2. The absorbent structure according to claim 1, wherein the screen and/or the felt are made of metal or composite materials.
3. The absorbent structure according to claim 1, wherein the first layer and the second layer are assembled together by welding or by adhesive bonding.
4. The absorbent structure according to claim 1, wherein the additional absorption means comprise at least one additional porous wall located in the cavities at an intermediate height h2 so as to obtain maximum absorption for a basic frequency F2.
5. An absorbent structure according to claim 1, wherein the additional absorption means are embodied by an inclination of the rigid partition relative to the porous wall so as to modify the height h1 in at least one direction on going from one particular cavity to the next.
6. The absorbent structure according to claim 1, wherein the cavities are defined with upright partitions extending substantially orthogonally from the rigid partition to a porous wall.
7. The absorbent structure according to claim 1, wherein the rigid partition is made at least in part out of fiberglass.
8. A duct for a helicopter antitorque rotor, wherein the duct is constituted, at least in part, by an absorbent structure in accordance with claim 1.
9. A ducted antitorque rotor for a helicopter, wherein the rotor includes a fairing constituted at least in part by an absorbent structure in accordance with claim 1.
10. A fairing for portions of a helicopter, wherein the fairing includes an absorbent structure in accordance with claim 1.
Description
FIELD OF THE INVENTION

The present invention relates to the general technical field of processing sound so as to reduce the sound nuisance that is emitted by rotors, motors, etc. Such acoustic processing is often essential in the field of aviation, and in particular for helicopters.

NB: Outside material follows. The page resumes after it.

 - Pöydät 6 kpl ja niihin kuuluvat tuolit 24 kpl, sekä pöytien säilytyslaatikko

More particularly, the present invention relates to acoustic processing of the duct of a ducted antitorque rotor, also known as a “fenestron”.

BACKGROUND OF THE INVENTION

In general, in the noise spectrum generated by a ducted antitorque tail rotor and by the resulting flow of air, there can be found lines corresponding to pure sounds at a frequency that is related to the speed of rotation of the rotor, to the number of rotor blades, to the geometrical configuration of the rotor and an air flow deflector, and to the shape and the structure of the duct.

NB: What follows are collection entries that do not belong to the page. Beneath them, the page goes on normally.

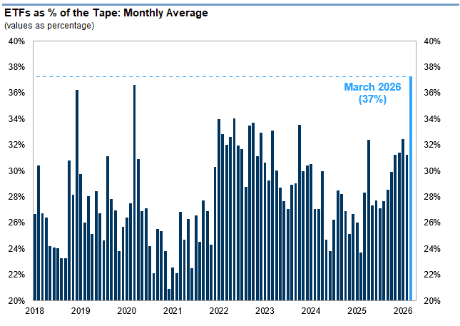 La mesa de operaciones de Goldman Sachs señaló que los volúmenes del mercado se mantienen bajos (un 3% menos que en las dos semanas anteriores), mientras que la actividad en ETF sigue elevada (actualmente representa el 37% del volumen de negociación).
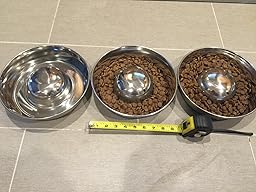 The first meal with these bowls went rather well. It took them a few moments to get used to the central buldge, and did force them to move around, where I actually did hear some chewing (which was a first in a few months). The next few meals seemed to get faster and faster, to where it may slow them down some, but after hearing the pupply belching and looking around for more food with her new and improved speed eating technique, I'm not terribly convinced I made the correct investment. I've gone back to placing a smaller bowl upside down, which still provides the greatest slowdown meathod. And yes, I've tried one and two tennis balls, small and big bowls and aside from giving them one morsel at a time, I'll stick with the upside down bowl, or I may try a muffin sheet a few clever posters have suggested.
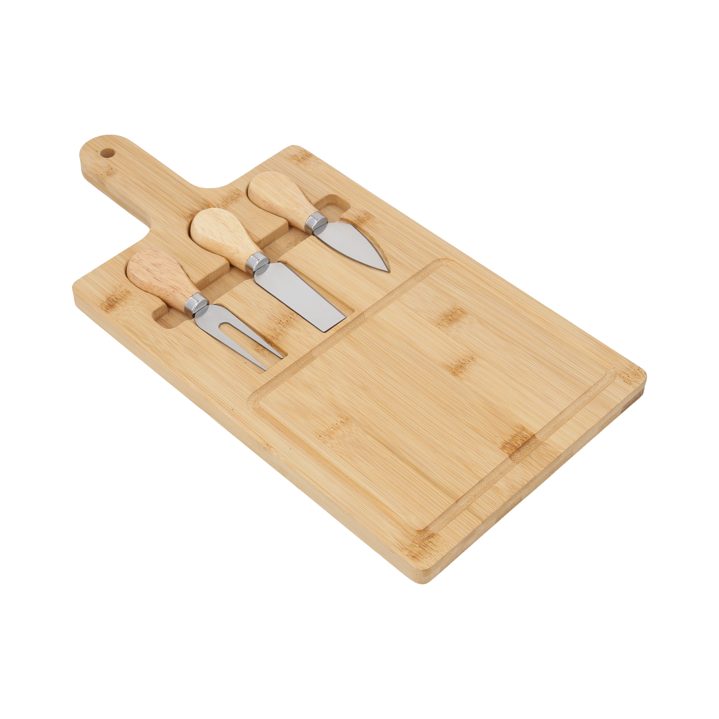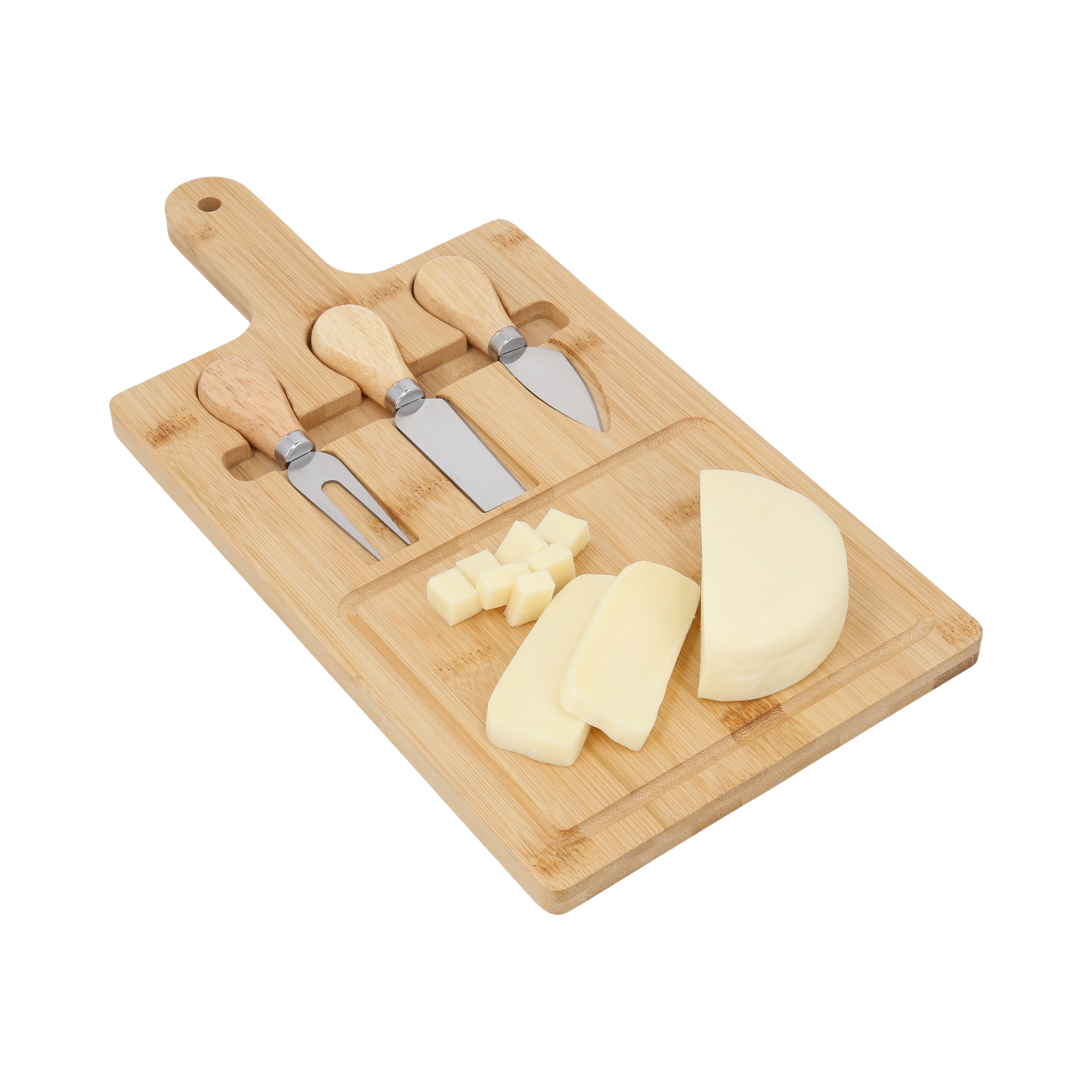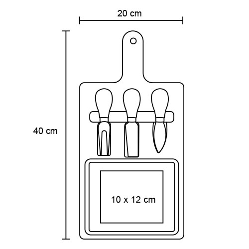 Set de tabla para quesos que incluye, 2 cuchillos y 1 tenedor para quesos.
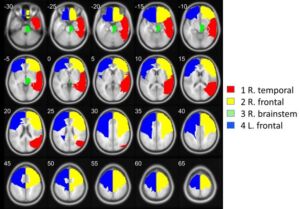 Cortes axiales con los lóbulos cerebrales con mayor diferencia de materia gris entre grupos. El lado derecho de la imagen corresponde al lado derecho del cerebro.

Any rotor rotating in a duct that is fed with air that is turbulent to a greater or lesser extent will generate soundwaves that may be organized or random.

Organized waves constitute that which is commonly referred to as “rotational noise”, which is characterized in the noise spectrum by discrete frequencies (lines) corresponding to the rotary frequencies of the blades, and of the transmission shaft, and to their harmonics and sub-harmonics, or to frequencies that are modulated by angular phase shifting of the blades or of the speed of rotation.

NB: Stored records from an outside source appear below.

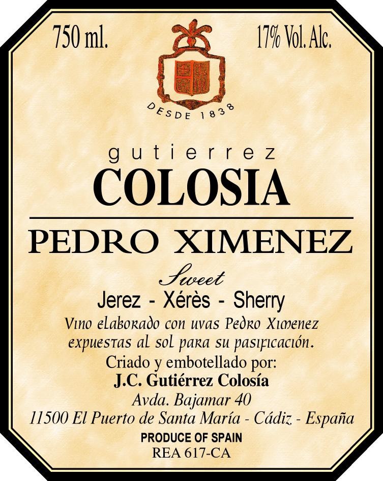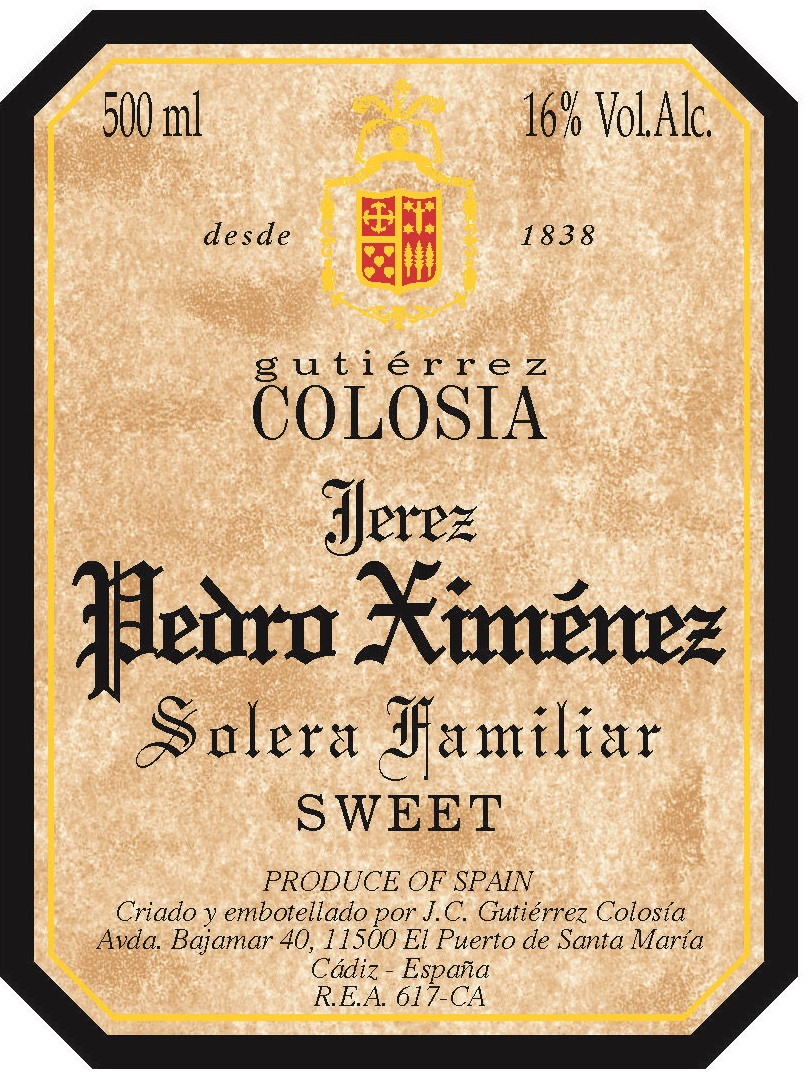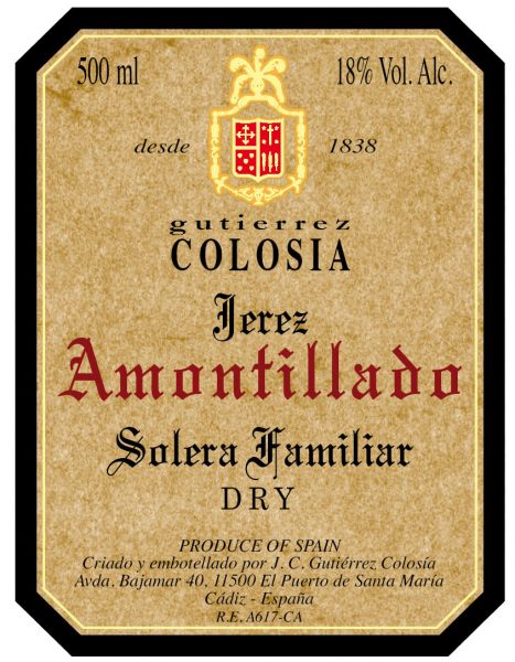 100% Palomino. Colosia’s Solera Familiar Oloroso averages a minimum of 35 years of age.  The Solera Familiar sherries represent the very oldest, and most limited, sherries produced by Gutierrez Colosia.  Only a few hundred bottles are bottled yearly to maintain the integrity of these soleras, which have existed continually since the mid 1800s.  “Dense notes of caramel and spice” – Peter Liem
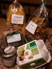 Auf Bestellung bekommt man beim Biohof Vetter in Baienfurt ab ca. 35 € ein Bio-Gschenkle mit Eiern, Käse, Lupinenkaffee, Nudeln und Honig. Mit etwas mehr Budget und auf Wunsch können auch noch Obstbrände dazu gepackt werden. Eine Belieferung ist nicht möglich.
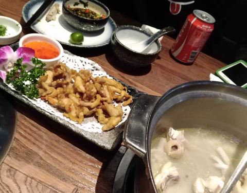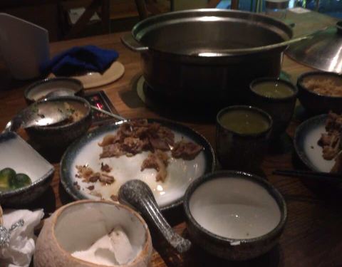 过年也开张的同仁四季椰子鸡。 过年期间想找一家餐厅吃饭真是难,然后在国贸城这边还好,每一家店过年都是营业的,然后这一家的四人团购也是可以用的。 三个人过来吃,加一点儿钱就可以足够吃了。 整个下午也都是营业的,建议下午过来就不会有那么多人,不用排队。 菜品而言还是够吃的。 就是服务态度不太好。感觉服务员脸都冷冰冰的,感觉过年期间上班儿好像不是很高兴的样子。 叫加个水说也不高兴,加椰子汁也不高兴。 煲仔饭由于是小份的,也就没有人帮我们拌。大份的才有服务员主动帮忙。这个煲仔饭的味道也没有之前春潤大地和润泽园的煲仔饭好吃。 凉拌海带没有了,然后换成凉拌木耳,然后又没有了就换了一个什么素菜三剑客,总体也比较一般。 第一次加的汤底很香甜,后来加了18块钱换的椰子汁汤底味道就非常的淡,和第一次的汤底完全是天壤之别。 半只鸡的份量虽然不是很多,但是味道还是不错的。口感比较香嫩。 其他菜品呢做中规中矩,没有什么可圈可点的地方,比较喜欢的就是店内的环境,非常的有特色,各种装修风格看着非常舒服。感觉晚上来会更好吧,因为应该有驻场的演出,因为看到有特定的舞台。 地理位置也是挺好的,就在五楼的手扶电梯口旁,然后又是一个门在室外,一个门在室内的。

Random waves are characterized in the noise spectrum by high spectral density over a very broad band of frequencies. These random waves generate so-called “broadband” noise.

It is known to use absorbent structures to reduce the propagation of soundwaves emitted by noisy devices such as rotors or motors, such structures comprising a rigid partition, a porous wall, and separator means for placing the porous wall at a determined distance from the rigid partition, with cavities being defined between said porous wall and the rigid partition, the cavities being of height that is determined to maximize absorption of a given frequency in the emitted soundwaves.

So-called “quarter-wave” materials are thus known that present cavities of a height corresponding to one-fourth of the wavelength of the basic frequency that is to be absorbed as a priority. Nevertheless, such materials suffer from a certain number of drawbacks.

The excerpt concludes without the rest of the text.